The authors have developed an ultra-fast hardware based scheduler in order to support the network architecture in order to reduce the epoch length, maximize throughput and minimize median and tail latency. At [4], the authors reported a scheduler that was handing epochs of 1  $\mu$ s duration and the wavelength switching/tuning was only taking place at the beginning of each epoch. Here, we briefly report on a scheduler that can support epochs of just 120 ns duration (8 times shorter) that allow for substantially more dynamic reconfiguration and is also able to cater for systems tuning wavelength at slot-level (20 ns) rather than epoch-level (120 ns). The hardware implementable scheduler adopts a parallel design with three pipelined stages (node contention resolution, wavelength decision and wavelength-slot selection) that consider *R* requests from each of the *N* nodes. Parallelism is used to speed up the scheduling process and round-robin arbiters are used to ensure fair selection of up to *W* (number of wavelengths supported by a transceiver), with unique source destination ports, per clock cycle. The scheduler can perform *I* iterations within one epoch to maximize throughout. After *I* cycles, failed requests are buffered and can be processed again in subsequent epochs. The slot-level scheduler differs from the epoch-level scheduler on the contention resolution and wavelength-slot selection

stages. The first stage has two pipeline sub-stages (instead of one), where one performs contention resolution for the sources and the second for destinations. Each sub-stage is constructed using N parallel N-port arbiters. The third stage uses initial iterations to allocate time-slots in chunks (coarse) and uses later iterations for fine allocation.

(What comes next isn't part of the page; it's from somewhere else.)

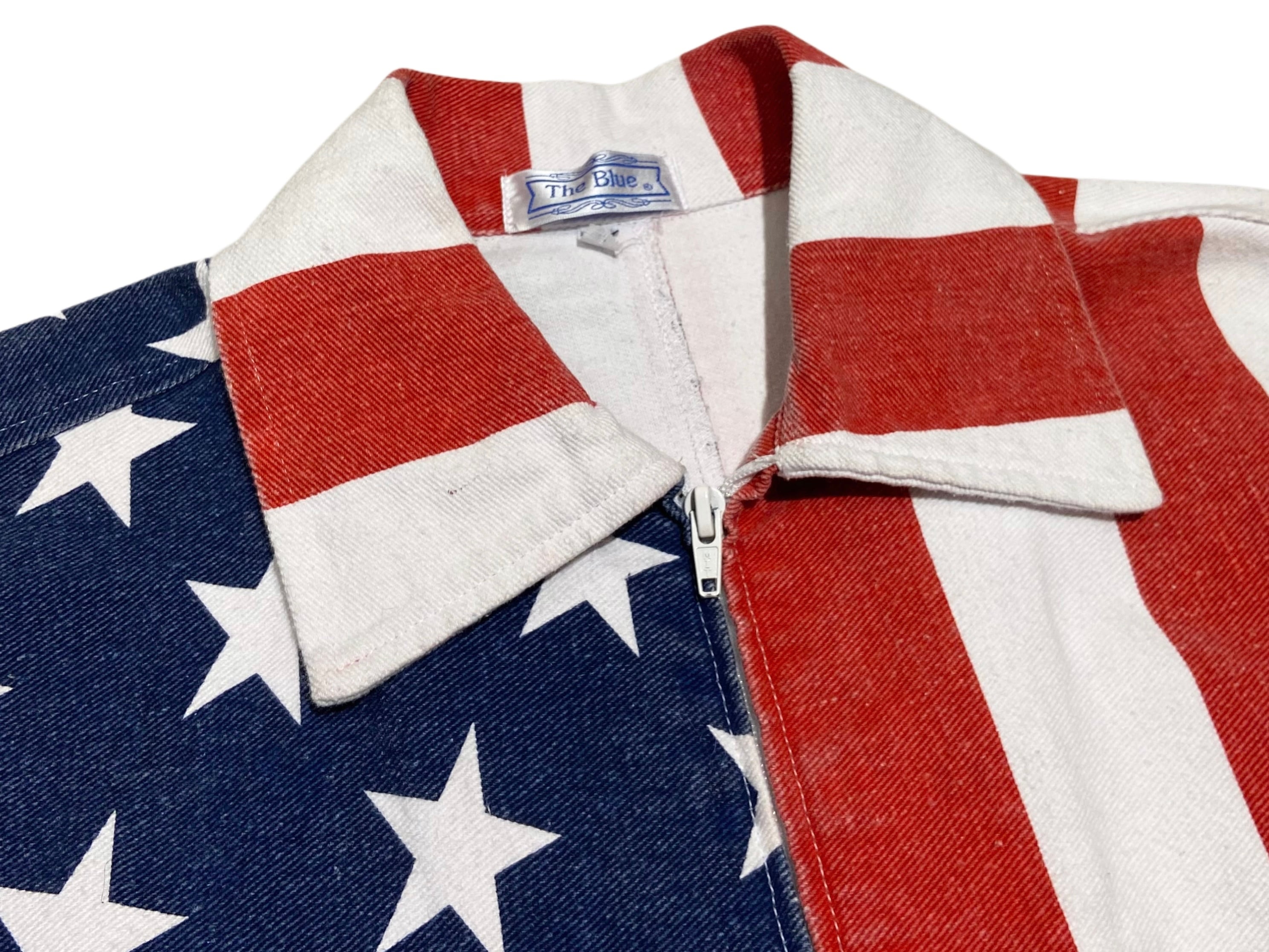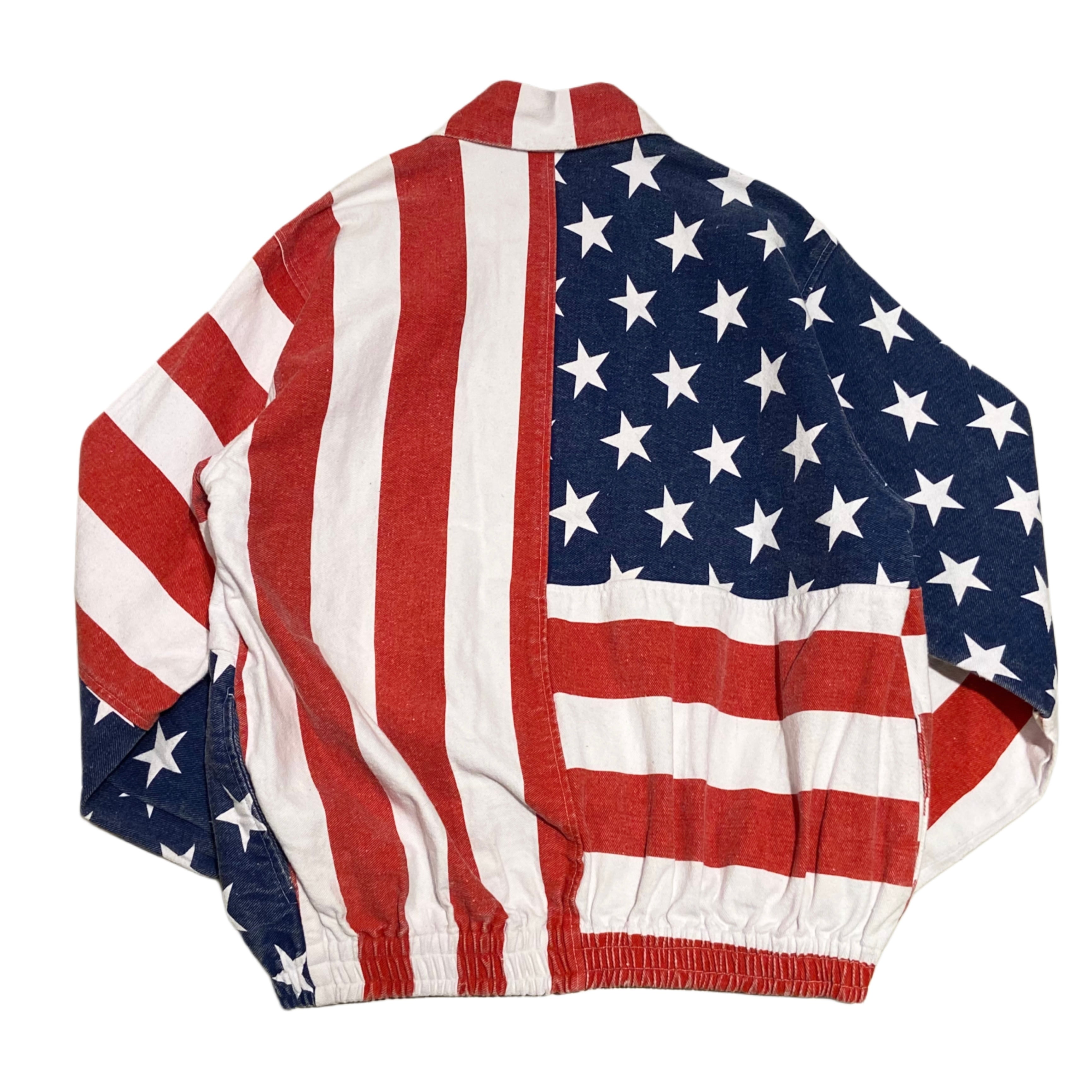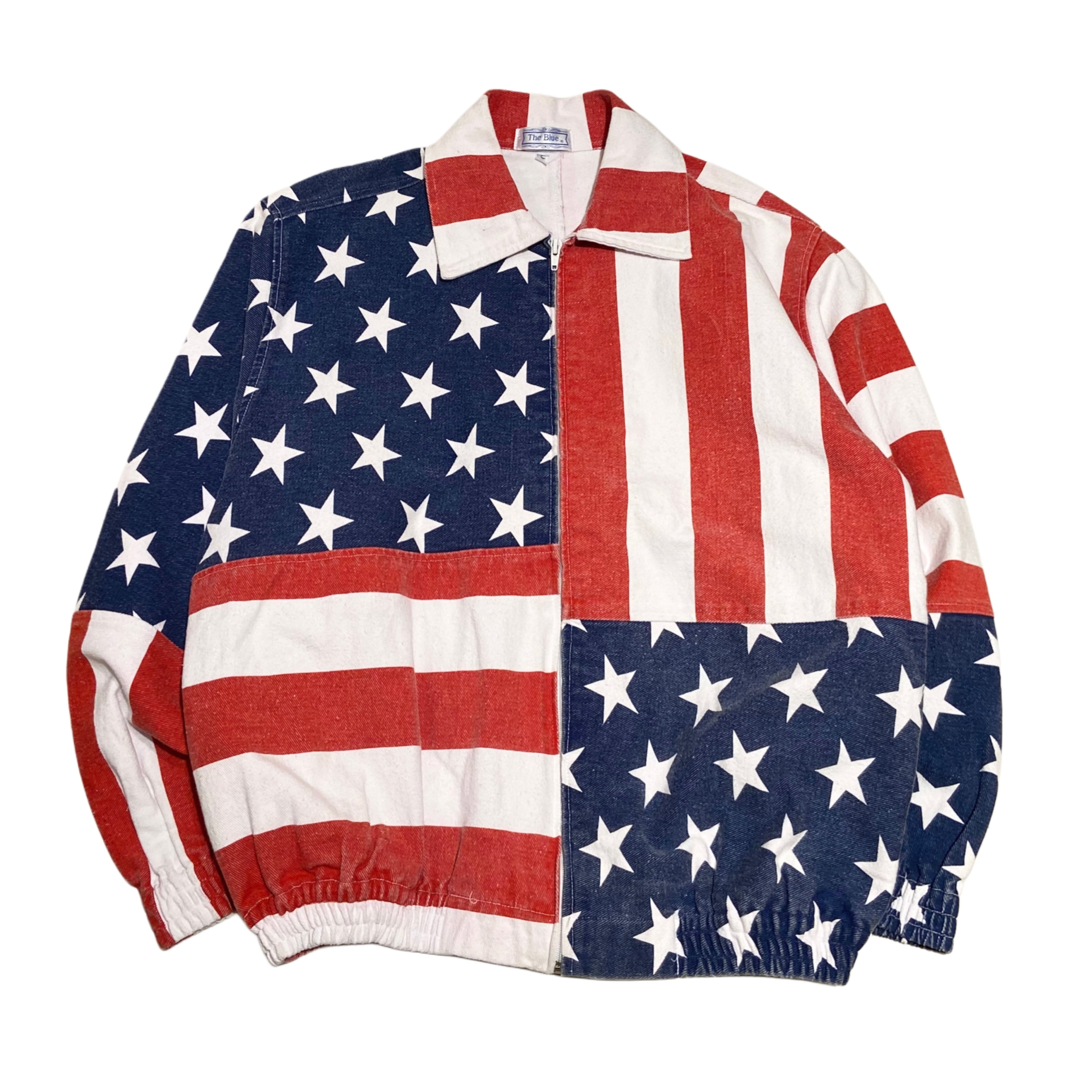 アメリッキャーン Y2K The Blue 総柄 アメリカ 最条旗 国旗 USA ジャケット【XL】レッド×ホワイト×ネイビー

#### B. Simulation and Results

A simulation platform and software model in Matlab was developed to match the functionality of the hardware algorithm. Each stage of the hardware-based scheduler was synthesized on ASIC using 45 nm CMOS Nangate Opencell library. This provided the clock cycle period of 2.3 ns [4] for a 64-port star-coupler sub-network that was used to calculate the total number of iterations (48) possible within a 120 ns epoch. The Data Center simulation assumptions are the following: 1000 Servers across 16 Racks, 64 Servers per Rack, 16 transceivers per Server,  $16^2$  64-port star-couplers and schedulers, 20 ns slot period, and 6-slots per epoch. Each transceiver can tune across *W* wavelengths equal to the number of Nodes per Server (64 in this case) and should do so in just 500 ps (leading to 2.5% overhead). At every epoch, the traffic pattern consists of requests with two key items: destination and number of time-slots. A uniform random distribution was used to select the destination. The average size of each request corresponds to the slots available in the epoch divided by the requests per Server per epoch. Up to R requests are generated by each source per epoch and a Poisson distribution forms the inter-arrival rate of the requests. The simulation lasts for 2000 epochs.

Fig. 2 (a) showcases a 91% network throughout achieved by slot-level scheduling, a 60% increase, compared to 53% reached by epoch-level scheduling. This is due to substantially increased wavelength usage (Fig. 2(c)). The slot-level scheduling delivers a median latency of just 270 ns (almost 2-orders of magnitude lower than epoch level ( $24 \mu s$ )) and 4.7  $\mu s$  (14 times lower than epoch level ( $66 \mu s$ )) 100-percentile tail latency. Fig. 2(c) summarizes all performance indicators and showcases the all-round benefits of the slot-level scheduler with regards to scheduler buffer size, average transmitter (TX) buffer size and wavelength usage, throughput, latency (median and tail).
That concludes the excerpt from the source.